Bob: “They always do. I’ll let the readers supply it.”
Jim: “Fine. Let’s talk about the Strait of Hormuz—which, incidentally, is the most crooked piece of water I’ve ever seen. I have questions. Do they actually have mines, or are they just holding a pair of deuces and acting like it’s a full house?”
Bob: “They’ve got mines.”
Jim: “Real ones?”
Bob: “Real enough. And they don’t need many. Just enough to make everyone nervous.”
Jim: “So it’s a bluff?”
Bob: “It’s better than a bluff. It’s risk. And risk shuts down shipping faster than explosions.”
Jim: “Can they control them remotely?”
Bob: “Some. Others just sit there quietly… waiting.”

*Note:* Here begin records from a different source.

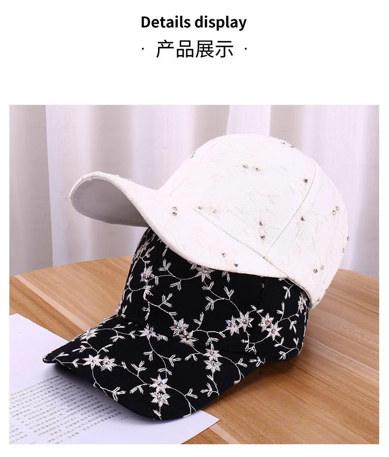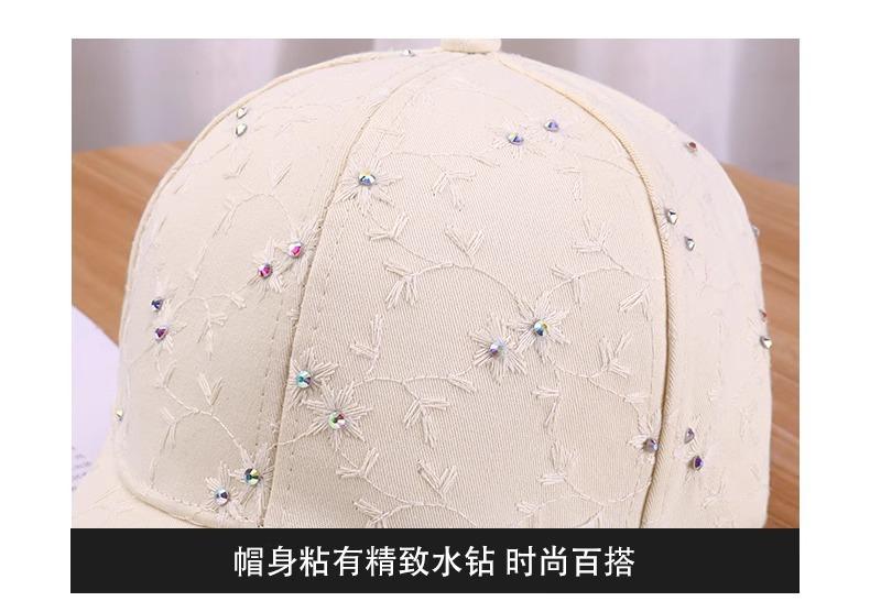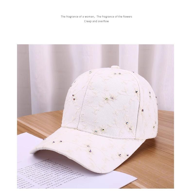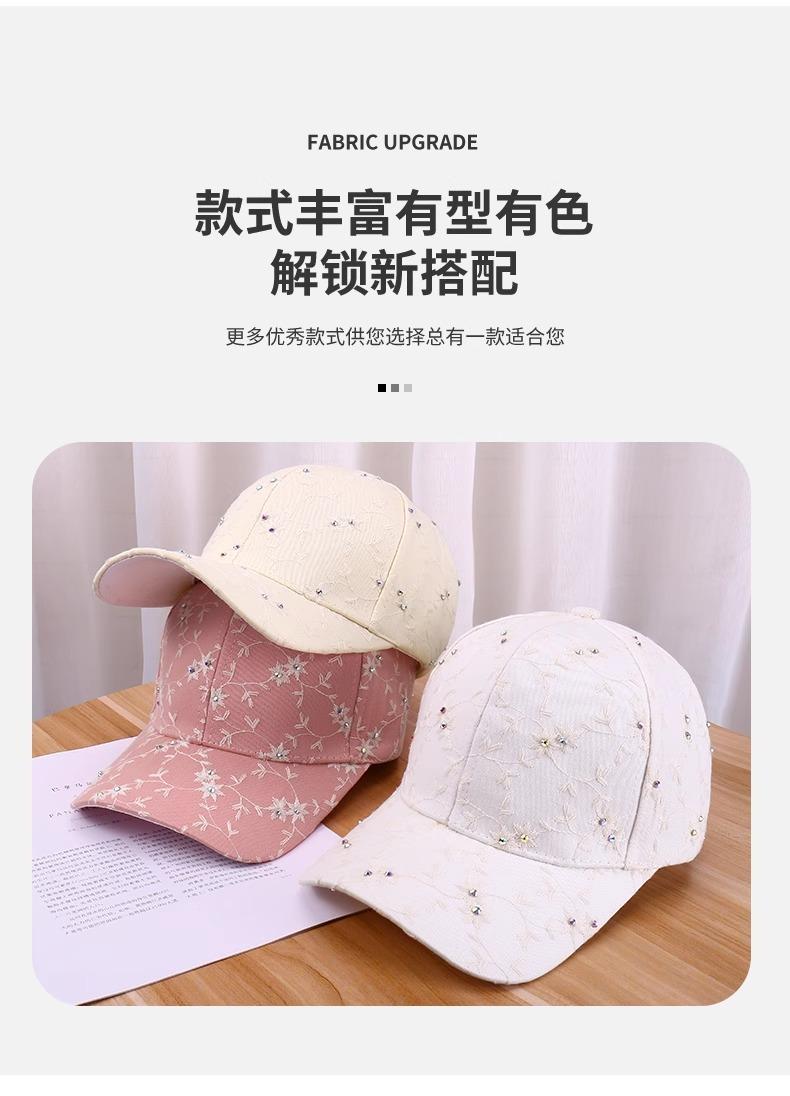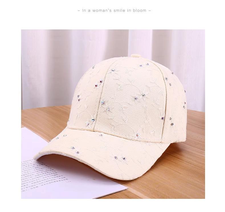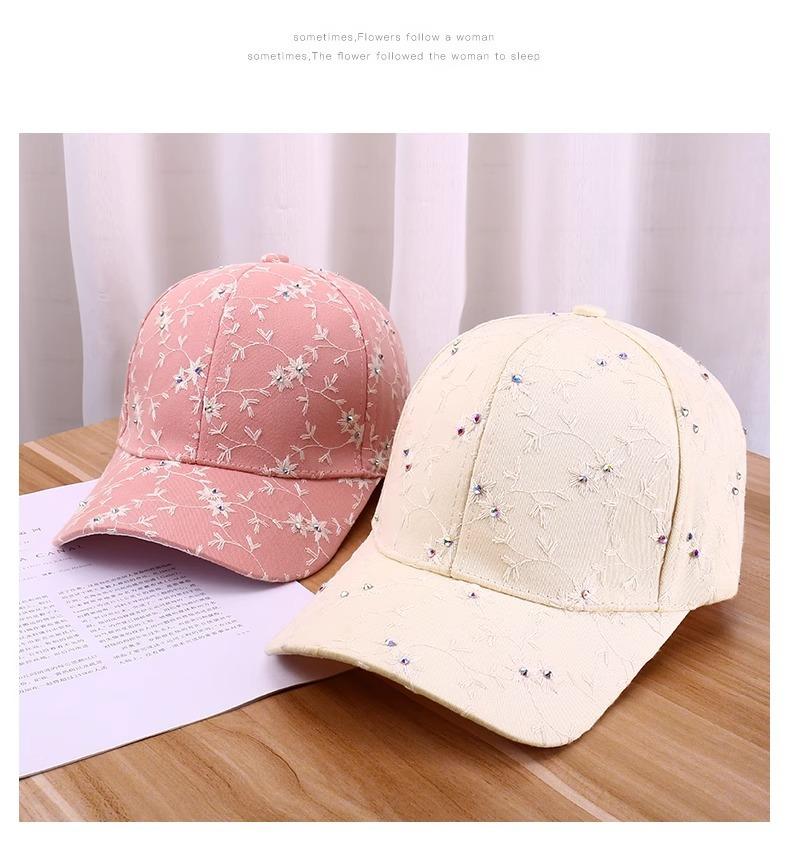 Gorra de béisbol de verano para mujer, elegante gorra de sol con diamantes de imitación, moderna y combinable con todo, con flores y protector solar.
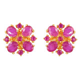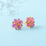 Gold Plated Pink Cluster Setting CZ Stud Earrings
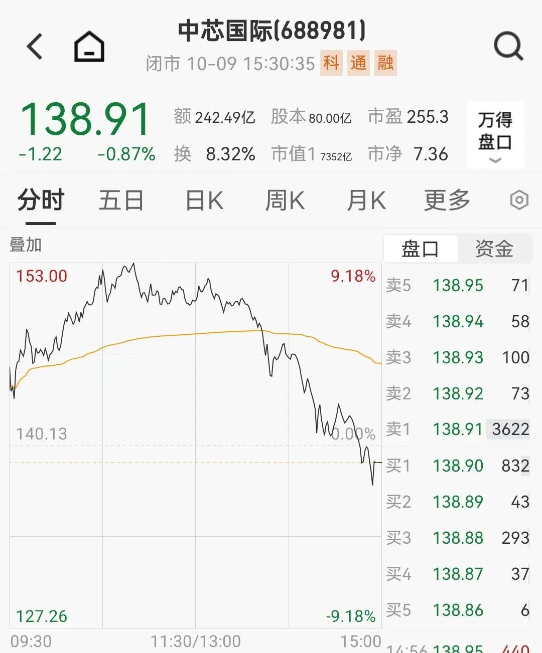 半导体板块为何突然跳水?市场传闻称,近日交易所要求,静态市盈率在300倍以上或者为负数的A股股票,折算率为0%。此外,有投资者表示,今日收到东方财富证券短信通知,自10月9日起,信用账户持有的中芯国际(688981)的折算率由0.70调整为0.00,佰维存储(688525)的折算率由0.50调整为0.00。

Jim: “Have they ever used them?”
Bob: “Yeah. And they don’t need to use many. One incident can freeze the whole strait.”
Jim: “Why can’t we just clear them out?”
Bob: “We can.”
Jim: “So why don’t we?”
Bob: “Because the second we do, it’s not a minefield anymore.”
Jim: “What is it then?”
Bob: “A war.”
⸻
Jim: “Ok. I think we’ve mined that topic enough.”
Bob: “There it is.”
Jim: “Thank you. Now—final question. Where is the ‘all-powerful,’ ‘ever-present,’ ‘invincible’ IRGC? Shouldn’t they be the ones talking to us? Aren’t they the actual stakeholders?”
Bob: “They are.”
Jim: “So why aren’t they at the table?”
Bob: “Because they’re not trying to end the situation.”
Jim: “Then what are they doing?”
Bob: “Managing it.”
Jim: “With mines, threats, and mystery leadership?”
Bob: “Exactly. They don’t need to win. They just need to make everything expensive.”
Jim: “So we’re negotiating with one group…”
Bob: “…while being pressured by another.”
Jim: “That sounds complicated.”
Bob: “It’s not.”
Jim: “What is it?”
Bob: “Incentives.”
⸻
(pause)
Jim: “So let me get this straight. We’re talking to leaders who may or may not exist… about a deal that may or may not happen… while the real power sits offstage… quietly raising the cost of everything…”
Bob: “Now you’re getting it.”
⸻
(longer pause)
Bob watches another oil tanker hesitate at the mouth of the Strait.
“Funny thing about power,” he says.
Jim: “What’s that?”
Bob: “You don’t always use it to win.”
Jim: “What do you use it for?”
Bob: “You use it to make sure nobody else can afford to stay in the game.”
Epilog
What we’re watching isn’t confusion. It’s design.
Iran doesn’t need clear leadership, clean communication, or even consistent messaging. In fact, those would be disadvantages. Ambiguity is the strategy. Unclear chains of command. Negotiators who may or may not speak for anyone. Threats that may or may not be real. Mines that may or may not be active. It all serves the same purpose: raise uncertainty, raise cost, and force everyone else to proceed slowly, cautiously, expensively.
And that’s the part most people miss.
Power isn’t always used to win outright. Sometimes it’s used to distort the game itself—to make normal decision-making impossible. Insurance spikes. Shipping hesitates. Markets wobble. Governments overthink. And all the while, the side creating the uncertainty pays very little to sustain it. That’s the leverage.
Not dominance—disruption.
Not victory—control of incentives.
And once you see it that way, everything else starts to make a lot more sense.